Перед Жуковским стояли задачи перевода-переложения балладного мира западноевропейских писателей на русские нравы, разработки русского литературного языка, развития в нём смысловой музыкальности, способности передавать тончайшие явления природного мира и ощущения верующей, иррационально настроенной души человека. Через приобщение к опыту зрелых литератур Западной Европы Жуковский добился на этом пути значительных успехов. Вот как, например, во второй части баллады «Двенадцать спящих дев» изображает Жуковский воздействие благодатных сил, направляющих душу главного героя на стезю добродетели:
И всё… но вдруг смутился он,
И в радостном волненье
Затрепетал… знакомый звон
Раздался в отдаленье.
И долго жалобно звенел
Он в бездне поднебесной;
И кто-то, чудилось, летел,
Незримый, но известный;
И взор, исполненный тоской,
Мелькал сквозь покрывало;
И под воздушной пеленой
Печальное вздыхало…
Но вдруг сильней потрясся лес,
И небо зашумело…
Вадим взглянул – призрак исчез;
А в вышине… звенело.
А в чудесной балладе «Эолова Арфа» влюбленная Минвана, томимая недобрыми предчувствиями, вдруг слышит таинственный знак, передающий ей весть о смерти любимого человека, с которым её насильно разлучили:
Сидела уныло
Минвана у древа… душой вдалеке…
И тихо всё было…
Вдруг… к пламенной что-то коснулось щеке;
И что-то шатнуло
Без ветра листы;
И что-то прильнуло
К струнам, невидимо слетев с высоты…
И вдруг… из молчанья
Поднялся протяжно задумчивый звон;
И тише дыханья
Играющей в листьях прохлады был он.
В ней сердце смутилось:
То друга привет!
Свершилось! свершилось!..
Земля опустела, и милого нет.
Поражает многоголосие поэтических интонаций и стилистических мелодий в балладах Жуковского, не только обнимающих в сжатом виде всю пушкинскую эпоху в истории русской поэзии, но и выходящих за её пределы во времена 1850–60-х годов, в эпоху Фета и Некрасова:
Были и лето, и осень дождливы;
Были потоплены пажити, нивы;
Хлеб на полях не созрел и пропал;
Сделался голод; народ умирал.
На такой «некрасовской» ноте звучит зачин в балладе Жуковского «Суд Божий над епископом» (1831).

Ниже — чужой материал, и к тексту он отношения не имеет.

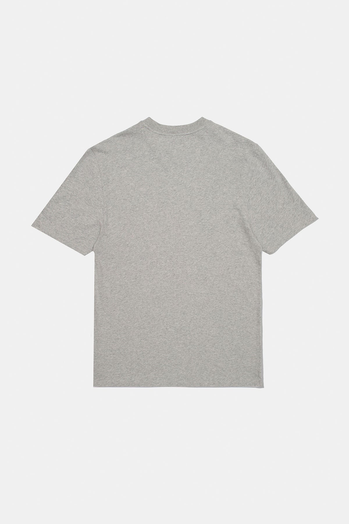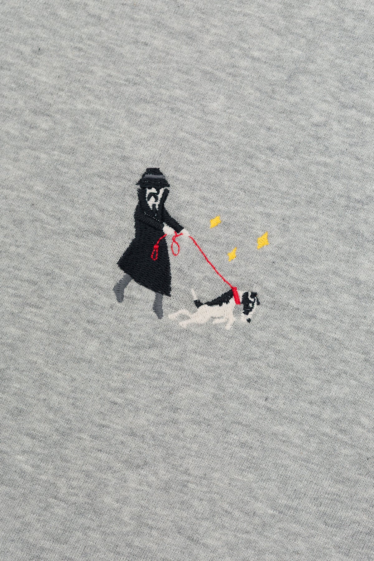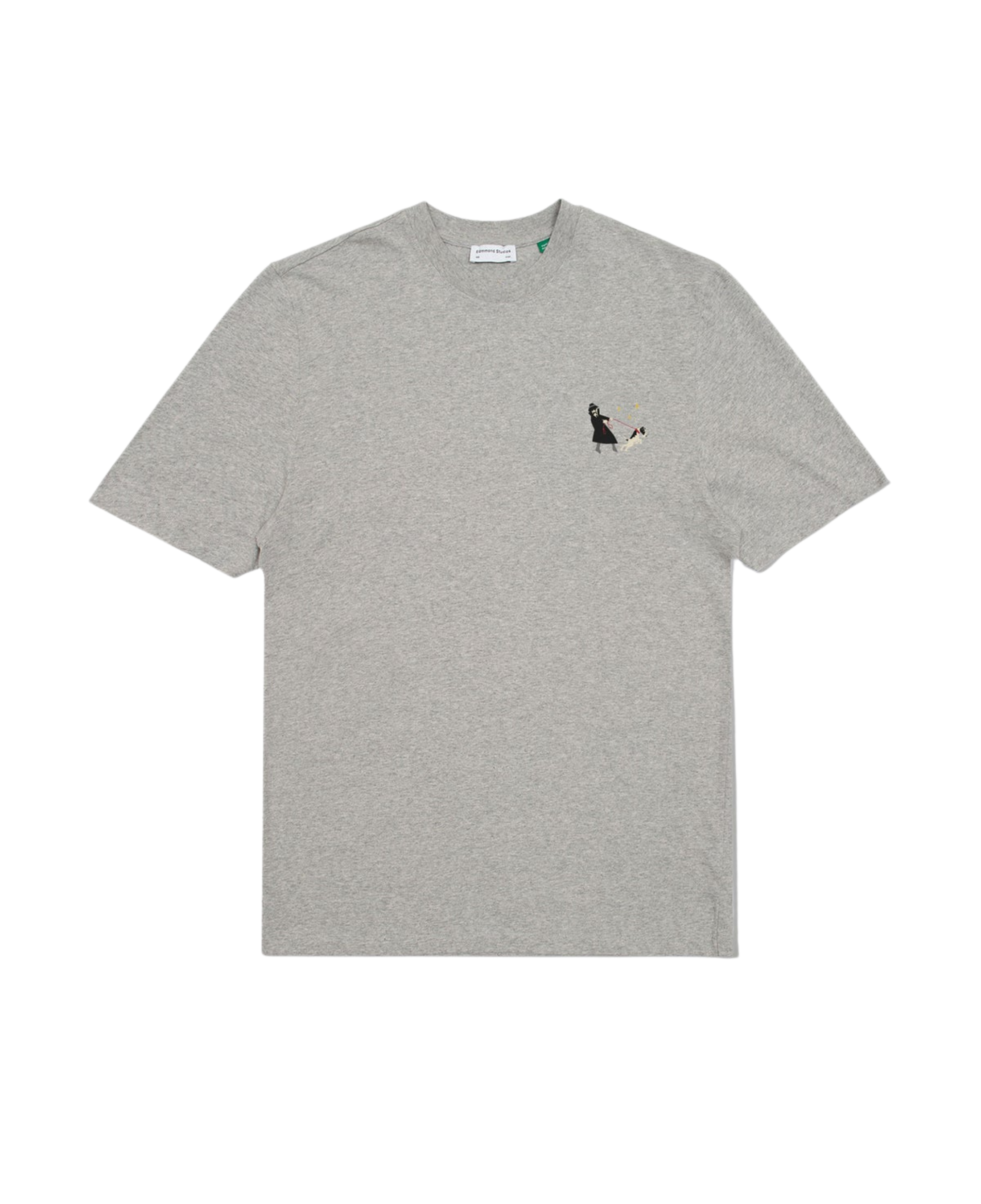 Camiseta gris de manga corta, fabricada con algodón 100% orgánico. Presenta un bordado en la parte frontal superior izquierda "Walkers" que muestra a un espía paseando a su perro. Diseñada con un corte relajado y una longitud perfecta. Fabricada en Portugal.

Через все баллады Жуковского проходит поединок добра со злом, в котором всегда побеждает добро, а зло наказывается. Жуковский убеждён, что таков закон миропорядка, нравственный закон, источник которого находится не в руках слабого человека, а в деснице всемогущего Творца.
Уже в первой балладе «Людмила», созданной по мотивам «Леноры» Бюргера, Жуковский говорит о необходимости обуздания эгоистических желаний и страстей. Несчастная Людмила гибнет потому, что слишком неумеренно и безоглядно желает быть счастливой. Любовная страсть настолько её ослепляет, что она бросает вызов Богу, сомневается в милосердии Творца, упрекает его в жестокости.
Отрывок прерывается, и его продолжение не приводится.